▶ Description of the task:
Reproduce the whole listing below without its pictures, exactly as written.

▶ Available data:
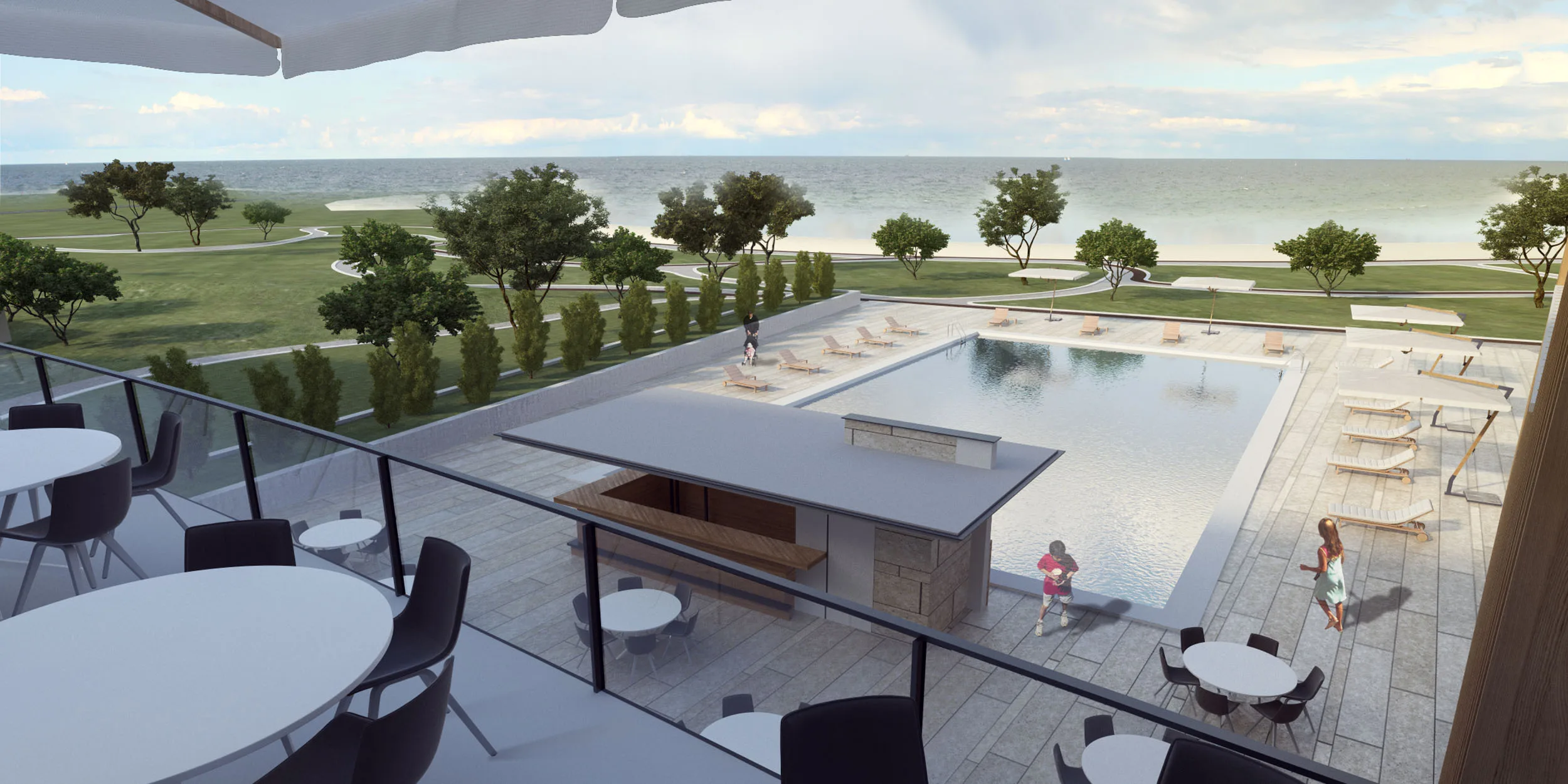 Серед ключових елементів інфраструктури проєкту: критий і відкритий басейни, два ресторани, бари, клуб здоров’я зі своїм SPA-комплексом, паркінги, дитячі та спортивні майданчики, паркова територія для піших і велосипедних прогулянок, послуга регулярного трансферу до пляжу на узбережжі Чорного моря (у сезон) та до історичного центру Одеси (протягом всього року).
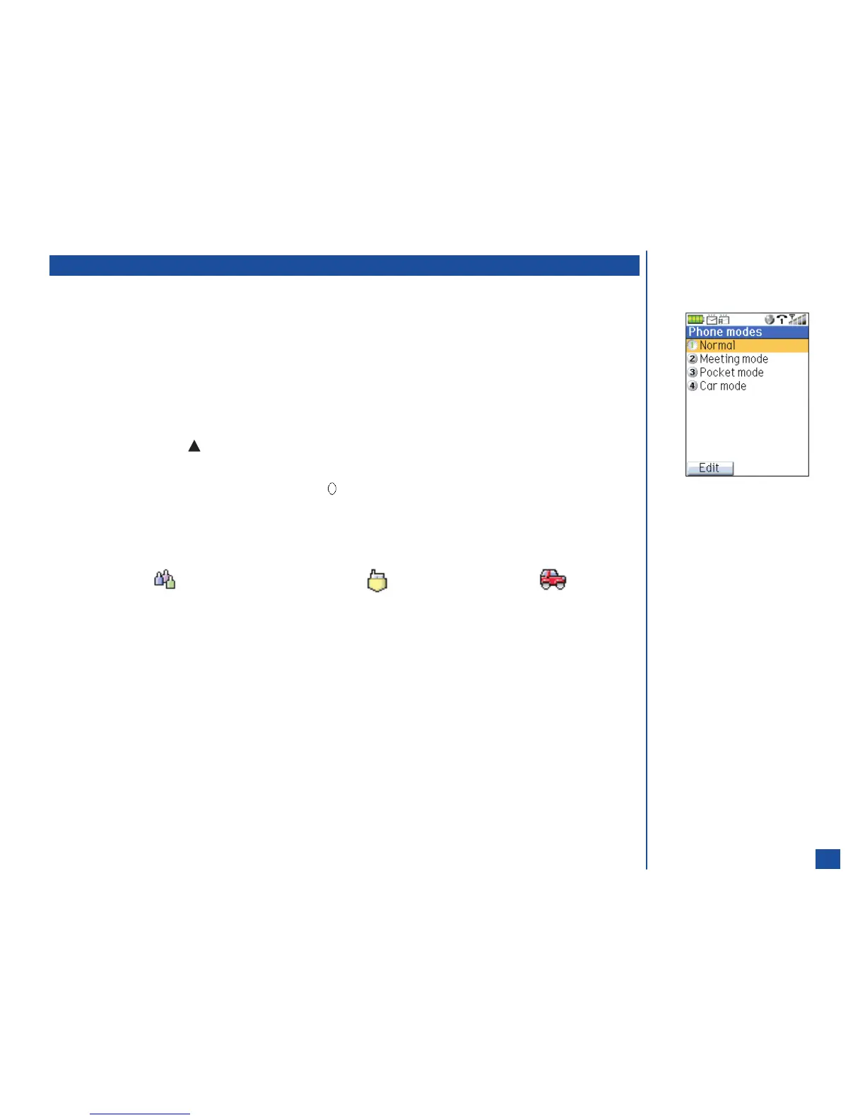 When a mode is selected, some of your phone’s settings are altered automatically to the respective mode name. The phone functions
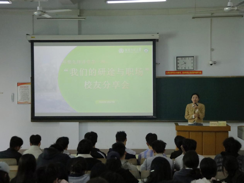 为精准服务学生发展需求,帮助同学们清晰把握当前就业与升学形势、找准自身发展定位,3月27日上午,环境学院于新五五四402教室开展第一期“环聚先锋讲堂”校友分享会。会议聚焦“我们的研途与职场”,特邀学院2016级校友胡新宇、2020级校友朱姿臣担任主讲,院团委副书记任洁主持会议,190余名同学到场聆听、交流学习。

▶ Answer section:
 Серед ключових елементів інфраструктури проєкту: критий і відкритий басейни, два ресторани, бари, клуб здоров’я зі своїм SPA-комплексом, паркінги, дитячі та спортивні майданчики, паркова територія для піших і велосипедних прогулянок, послуга регулярного трансферу до пляжу на узбережжі Чорного моря (у сезон) та до історичного центру Одеси (протягом всього року).
 When a mode is selected, some of your phone’s settings are altered automatically to the respective mode name. The phone functions
 为精准服务学生发展需求,帮助同学们清晰把握当前就业与升学形势、找准自身发展定位,3月27日上午,环境学院于新五五四402教室开展第一期“环聚先锋讲堂”校友分享会。会议聚焦“我们的研途与职场”,特邀学院2016级校友胡新宇、2020级校友朱姿臣担任主讲,院团委副书记任洁主持会议,190余名同学到场聆听、交流学习。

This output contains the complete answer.